"Europa Zachodnia główną wylęgarnią terroryzmu"
Wybitny politolog i filozof historii Francis Fukuyama ostrzegł, że główną bazą werbunku islamskich terrorystów stała się Europa Zachodnia, czego nie dostrzegają zaangażowane na Bliskim Wschodzie Stany Zjednoczone.
08.09.2005 | aktual.: 08.09.2005 21:37
Fukuyama, autor głośnej książki "Koniec historii", wieszczącej globalny triumf zachodniej demokracji liberalnej po zakończeniu zimnej wojny, przemawiał na konferencji na temat terroryzmu, zorganizowanej w tym tygodniu w Waszyngtonie przez New America Foundation.
Powiedział na tym forum, że Europa Zachodnia jest wylęgarnią islamskiego ekstremizmu i terroryzmu, ponieważ kraje tego regionu nie potrafią zasymilować milionów muzułmanów, którzy imigrowali tam, ale wciąż mieszkają w swoich etniczno-religijnych gettach.
Przypomniał, że sprawcy ataku na USA 11 września 2001 r. mieszkali i studiowali w Hamburgu, a terroryści, którzy podłożyli bomby w Madrycie w 2004 r. i w Londynie w tym roku, urodzili się i wychowali w Hiszpanii i w Anglii.
Diagnoza Fukuyamy - nienowa, ale ważna ze względu na jego autorytet intelektualny - pokrywa się z raportem CIA, według którego w Europie zachodniej mieszka około 10 milionów muzułmanów, którzy nie są zaadaptowani do życia na tym kontynencie.
Fukuyama, profesor i dziekan Szkoły Zaawansowanych Studiów Międzynarodowych (SAIS) przy Uniwersytecie Johnsa Hopkinsa, przeciwstawił Europie Stany Zjednoczone, gdzie - w jego ocenie - muzułmańscy imigranci asymilują się dużo lepiej. "Wielokulturowość" w Europie, w odróżnieniu od USA, okazała się, jego zdaniem, porażką.
Ale zagrożenie terrorystyczne w Europie stwarza jednocześnie okazję - zauważył - do pogłębienia współpracy transatlantyckiej, gdyż jest to obszar, na którym interesy USA i Europy w pełni się pokrywają.
Inny uczestnik konferencji w Waszyngtonie, prof.
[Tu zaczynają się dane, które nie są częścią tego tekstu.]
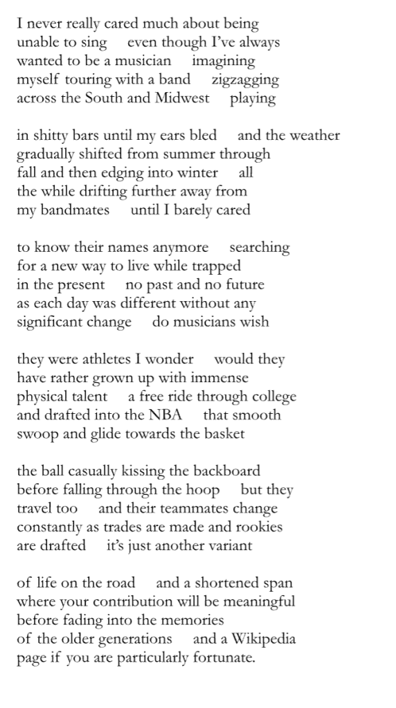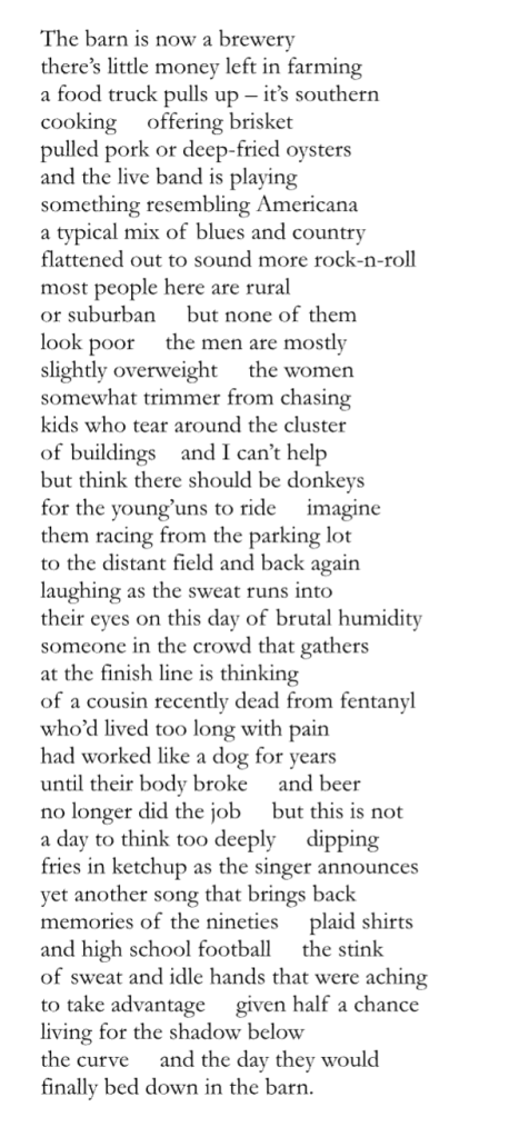 Paul Ilechko is a British American poet and occasional songwriter who lives with his partner in Lambertville, NJ. His work has appeared in many journals, including The Bennington Review, Bear Review, Atlanta Review, Permafrost, and Free State Review. His book “Fragmentation and Volta” was published in 2025 by Gnashing Teeth Publishing. He reads for Marrow Magazine.

Robert A. Pape z Uniwersytetu Chicagowskiego, powiedział, że Al-Kaida postanowiła już dwa lata temu atakować cele w Europie.
Przytoczył dokument organizacji związanej z Al-Kaidą, przechwycony w 2003 r. przez wywiad norweski, w którym zapowiedziano atak na kraje mające wojska w Iraku, tj. Hiszpanię, Wielką Brytanię, Włochy - i Polskę. Dwa pierwsze spośród nich stały się już celem ataków.